=== Instructions to follow ===
Look below for the line that has "Design Works Colourful". Set down the lines from there through the line that has "Antes de la", exactly as written.

=== Data for processing ===

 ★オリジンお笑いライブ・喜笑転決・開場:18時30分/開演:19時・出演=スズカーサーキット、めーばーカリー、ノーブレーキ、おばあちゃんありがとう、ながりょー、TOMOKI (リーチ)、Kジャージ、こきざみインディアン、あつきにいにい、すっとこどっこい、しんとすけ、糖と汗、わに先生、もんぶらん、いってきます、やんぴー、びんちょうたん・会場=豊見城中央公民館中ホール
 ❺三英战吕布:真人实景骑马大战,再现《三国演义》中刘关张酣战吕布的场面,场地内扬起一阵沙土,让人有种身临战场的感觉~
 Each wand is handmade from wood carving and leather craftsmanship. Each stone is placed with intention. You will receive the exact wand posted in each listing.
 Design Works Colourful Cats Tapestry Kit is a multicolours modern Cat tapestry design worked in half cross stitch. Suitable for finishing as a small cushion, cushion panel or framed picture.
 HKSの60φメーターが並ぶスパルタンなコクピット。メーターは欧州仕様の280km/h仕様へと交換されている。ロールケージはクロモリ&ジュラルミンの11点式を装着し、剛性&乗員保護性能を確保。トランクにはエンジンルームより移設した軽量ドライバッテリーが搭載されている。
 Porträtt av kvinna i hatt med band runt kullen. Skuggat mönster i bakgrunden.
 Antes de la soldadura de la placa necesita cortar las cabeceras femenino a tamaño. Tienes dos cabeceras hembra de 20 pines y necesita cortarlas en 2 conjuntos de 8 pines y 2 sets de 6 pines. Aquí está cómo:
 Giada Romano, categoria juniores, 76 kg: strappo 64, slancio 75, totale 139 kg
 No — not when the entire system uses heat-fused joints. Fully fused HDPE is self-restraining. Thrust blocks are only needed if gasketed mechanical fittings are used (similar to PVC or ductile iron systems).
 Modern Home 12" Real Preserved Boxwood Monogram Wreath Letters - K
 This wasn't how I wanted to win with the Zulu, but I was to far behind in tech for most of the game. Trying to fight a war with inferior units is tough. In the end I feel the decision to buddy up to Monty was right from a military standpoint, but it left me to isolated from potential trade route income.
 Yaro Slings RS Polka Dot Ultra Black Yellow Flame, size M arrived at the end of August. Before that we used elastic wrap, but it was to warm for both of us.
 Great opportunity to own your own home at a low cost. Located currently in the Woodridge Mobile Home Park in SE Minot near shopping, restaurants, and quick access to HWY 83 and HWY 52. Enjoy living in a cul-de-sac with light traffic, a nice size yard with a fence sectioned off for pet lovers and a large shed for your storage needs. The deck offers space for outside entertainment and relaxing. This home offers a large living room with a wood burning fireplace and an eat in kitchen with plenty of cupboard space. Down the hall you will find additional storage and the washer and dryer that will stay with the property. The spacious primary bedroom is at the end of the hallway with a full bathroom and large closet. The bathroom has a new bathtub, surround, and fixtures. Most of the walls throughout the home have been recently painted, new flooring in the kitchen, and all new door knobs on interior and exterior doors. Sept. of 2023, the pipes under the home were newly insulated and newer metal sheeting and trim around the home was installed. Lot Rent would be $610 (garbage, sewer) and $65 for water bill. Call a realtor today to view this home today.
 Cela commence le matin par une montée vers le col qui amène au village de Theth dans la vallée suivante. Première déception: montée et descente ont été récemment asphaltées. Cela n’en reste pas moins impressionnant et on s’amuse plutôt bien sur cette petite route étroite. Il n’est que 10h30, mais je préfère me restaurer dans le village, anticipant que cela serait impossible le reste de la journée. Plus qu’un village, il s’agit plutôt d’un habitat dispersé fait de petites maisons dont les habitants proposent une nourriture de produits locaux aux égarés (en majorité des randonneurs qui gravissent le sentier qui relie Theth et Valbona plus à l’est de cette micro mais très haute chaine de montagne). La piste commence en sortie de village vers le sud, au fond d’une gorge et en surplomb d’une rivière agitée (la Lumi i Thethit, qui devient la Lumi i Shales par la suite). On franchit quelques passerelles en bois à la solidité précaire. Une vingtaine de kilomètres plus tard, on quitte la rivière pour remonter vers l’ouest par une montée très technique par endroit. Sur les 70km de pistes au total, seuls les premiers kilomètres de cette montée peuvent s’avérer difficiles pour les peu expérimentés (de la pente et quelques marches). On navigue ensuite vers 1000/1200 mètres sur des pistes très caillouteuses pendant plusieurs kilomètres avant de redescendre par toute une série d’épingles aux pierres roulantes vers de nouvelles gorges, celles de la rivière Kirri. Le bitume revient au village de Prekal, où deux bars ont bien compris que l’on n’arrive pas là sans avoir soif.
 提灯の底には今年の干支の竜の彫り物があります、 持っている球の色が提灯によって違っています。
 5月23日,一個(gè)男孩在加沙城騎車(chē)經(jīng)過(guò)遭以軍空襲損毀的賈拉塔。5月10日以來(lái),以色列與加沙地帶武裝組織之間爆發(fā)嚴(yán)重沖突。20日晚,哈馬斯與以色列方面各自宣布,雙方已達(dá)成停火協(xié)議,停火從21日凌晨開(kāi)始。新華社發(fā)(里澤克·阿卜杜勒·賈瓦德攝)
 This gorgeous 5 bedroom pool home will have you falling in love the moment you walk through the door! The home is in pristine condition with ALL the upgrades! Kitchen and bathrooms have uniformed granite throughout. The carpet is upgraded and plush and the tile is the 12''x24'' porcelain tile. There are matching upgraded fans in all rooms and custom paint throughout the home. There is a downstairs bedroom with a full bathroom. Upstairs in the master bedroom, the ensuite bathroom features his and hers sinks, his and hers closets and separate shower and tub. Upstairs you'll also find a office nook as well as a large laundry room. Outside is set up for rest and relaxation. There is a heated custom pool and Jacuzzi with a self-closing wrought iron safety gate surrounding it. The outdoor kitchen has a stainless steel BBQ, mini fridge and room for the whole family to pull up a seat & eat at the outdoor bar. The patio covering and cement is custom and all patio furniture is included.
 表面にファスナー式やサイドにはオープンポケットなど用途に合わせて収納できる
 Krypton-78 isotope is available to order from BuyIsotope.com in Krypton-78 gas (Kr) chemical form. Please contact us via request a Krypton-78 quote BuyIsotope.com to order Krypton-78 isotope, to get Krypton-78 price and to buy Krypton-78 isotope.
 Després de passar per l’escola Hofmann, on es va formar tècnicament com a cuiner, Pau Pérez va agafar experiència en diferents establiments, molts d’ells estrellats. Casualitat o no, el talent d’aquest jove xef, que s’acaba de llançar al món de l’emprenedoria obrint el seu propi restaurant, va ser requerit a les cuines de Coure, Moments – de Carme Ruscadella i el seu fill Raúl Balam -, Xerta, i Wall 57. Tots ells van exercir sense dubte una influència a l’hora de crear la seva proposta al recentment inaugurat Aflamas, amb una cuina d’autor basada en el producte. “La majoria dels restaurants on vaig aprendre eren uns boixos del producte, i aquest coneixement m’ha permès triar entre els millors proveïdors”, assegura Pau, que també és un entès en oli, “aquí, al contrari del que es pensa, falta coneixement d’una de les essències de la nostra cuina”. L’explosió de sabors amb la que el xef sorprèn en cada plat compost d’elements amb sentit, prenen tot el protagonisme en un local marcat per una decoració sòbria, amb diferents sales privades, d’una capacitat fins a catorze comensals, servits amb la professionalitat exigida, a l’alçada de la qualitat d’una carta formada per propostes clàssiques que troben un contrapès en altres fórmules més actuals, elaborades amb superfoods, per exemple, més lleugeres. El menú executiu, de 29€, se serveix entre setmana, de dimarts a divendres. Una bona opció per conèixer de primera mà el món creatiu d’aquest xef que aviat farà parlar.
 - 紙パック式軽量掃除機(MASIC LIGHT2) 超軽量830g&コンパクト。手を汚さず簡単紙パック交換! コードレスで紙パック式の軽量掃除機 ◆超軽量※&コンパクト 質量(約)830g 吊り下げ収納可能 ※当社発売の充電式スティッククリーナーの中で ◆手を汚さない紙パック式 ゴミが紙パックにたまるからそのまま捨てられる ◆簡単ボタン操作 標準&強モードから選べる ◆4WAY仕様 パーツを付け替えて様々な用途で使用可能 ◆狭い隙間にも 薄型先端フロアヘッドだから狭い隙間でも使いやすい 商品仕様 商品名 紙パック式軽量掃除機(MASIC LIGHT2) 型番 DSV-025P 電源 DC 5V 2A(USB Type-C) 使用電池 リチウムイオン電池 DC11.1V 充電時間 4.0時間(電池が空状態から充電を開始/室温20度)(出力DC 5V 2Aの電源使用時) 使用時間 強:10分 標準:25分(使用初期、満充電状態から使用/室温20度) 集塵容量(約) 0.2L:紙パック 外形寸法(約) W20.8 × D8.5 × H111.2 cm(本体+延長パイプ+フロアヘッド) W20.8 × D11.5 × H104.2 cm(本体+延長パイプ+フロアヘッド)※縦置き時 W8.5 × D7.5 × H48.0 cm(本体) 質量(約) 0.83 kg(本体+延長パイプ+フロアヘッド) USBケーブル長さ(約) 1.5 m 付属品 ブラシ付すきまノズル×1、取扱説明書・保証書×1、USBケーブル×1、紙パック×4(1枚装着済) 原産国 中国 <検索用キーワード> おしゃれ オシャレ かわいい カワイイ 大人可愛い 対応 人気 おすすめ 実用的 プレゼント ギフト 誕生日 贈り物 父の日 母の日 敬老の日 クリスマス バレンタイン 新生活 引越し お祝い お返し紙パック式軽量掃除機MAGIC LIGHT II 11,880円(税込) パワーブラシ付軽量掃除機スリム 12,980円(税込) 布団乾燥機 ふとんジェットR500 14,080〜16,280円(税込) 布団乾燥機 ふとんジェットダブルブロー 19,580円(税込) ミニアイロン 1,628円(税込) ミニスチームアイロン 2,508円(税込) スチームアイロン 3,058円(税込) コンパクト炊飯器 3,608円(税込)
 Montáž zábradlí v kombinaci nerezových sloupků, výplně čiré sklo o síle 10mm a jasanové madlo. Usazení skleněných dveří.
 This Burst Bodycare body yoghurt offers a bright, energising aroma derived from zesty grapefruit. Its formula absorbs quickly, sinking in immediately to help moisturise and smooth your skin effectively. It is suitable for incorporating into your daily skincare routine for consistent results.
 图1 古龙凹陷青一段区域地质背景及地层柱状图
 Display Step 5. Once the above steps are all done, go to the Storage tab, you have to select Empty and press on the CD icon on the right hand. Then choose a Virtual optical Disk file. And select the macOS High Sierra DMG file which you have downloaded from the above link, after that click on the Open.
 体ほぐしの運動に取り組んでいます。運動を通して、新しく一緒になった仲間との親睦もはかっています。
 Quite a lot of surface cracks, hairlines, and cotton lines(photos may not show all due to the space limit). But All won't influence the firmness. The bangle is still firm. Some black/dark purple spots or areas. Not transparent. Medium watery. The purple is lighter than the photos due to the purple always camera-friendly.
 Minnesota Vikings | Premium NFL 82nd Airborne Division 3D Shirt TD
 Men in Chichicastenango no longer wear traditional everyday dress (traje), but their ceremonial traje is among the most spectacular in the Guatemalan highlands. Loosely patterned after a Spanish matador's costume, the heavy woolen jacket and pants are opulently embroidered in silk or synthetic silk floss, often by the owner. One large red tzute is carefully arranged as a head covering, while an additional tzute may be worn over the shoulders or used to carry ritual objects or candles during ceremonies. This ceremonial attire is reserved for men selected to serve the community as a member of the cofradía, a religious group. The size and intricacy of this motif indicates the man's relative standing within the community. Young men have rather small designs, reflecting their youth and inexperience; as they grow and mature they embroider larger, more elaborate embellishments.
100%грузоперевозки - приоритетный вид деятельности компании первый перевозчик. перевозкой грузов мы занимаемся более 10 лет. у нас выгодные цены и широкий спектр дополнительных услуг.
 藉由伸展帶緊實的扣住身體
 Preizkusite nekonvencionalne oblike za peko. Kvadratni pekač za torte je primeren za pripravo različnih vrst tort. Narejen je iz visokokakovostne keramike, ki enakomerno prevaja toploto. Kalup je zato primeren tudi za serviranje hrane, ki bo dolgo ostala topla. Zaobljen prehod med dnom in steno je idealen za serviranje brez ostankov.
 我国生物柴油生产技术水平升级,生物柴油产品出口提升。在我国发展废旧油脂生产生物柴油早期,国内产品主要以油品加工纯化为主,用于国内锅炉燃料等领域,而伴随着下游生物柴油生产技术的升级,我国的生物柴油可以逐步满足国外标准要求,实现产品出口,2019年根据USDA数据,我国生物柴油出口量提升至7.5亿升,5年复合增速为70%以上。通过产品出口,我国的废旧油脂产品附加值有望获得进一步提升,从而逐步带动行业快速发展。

=== Output of the task ===
 Design Works Colourful Cats Tapestry Kit is a multicolours modern Cat tapestry design worked in half cross stitch. Suitable for finishing as a small cushion, cushion panel or framed picture.
 HKSの60φメーターが並ぶスパルタンなコクピット。メーターは欧州仕様の280km/h仕様へと交換されている。ロールケージはクロモリ&ジュラルミンの11点式を装着し、剛性&乗員保護性能を確保。トランクにはエンジンルームより移設した軽量ドライバッテリーが搭載されている。
 Porträtt av kvinna i hatt med band runt kullen. Skuggat mönster i bakgrunden.
 Antes de la soldadura de la placa necesita cortar las cabeceras femenino a tamaño. Tienes dos cabeceras hembra de 20 pines y necesita cortarlas en 2 conjuntos de 8 pines y 2 sets de 6 pines. Aquí está cómo:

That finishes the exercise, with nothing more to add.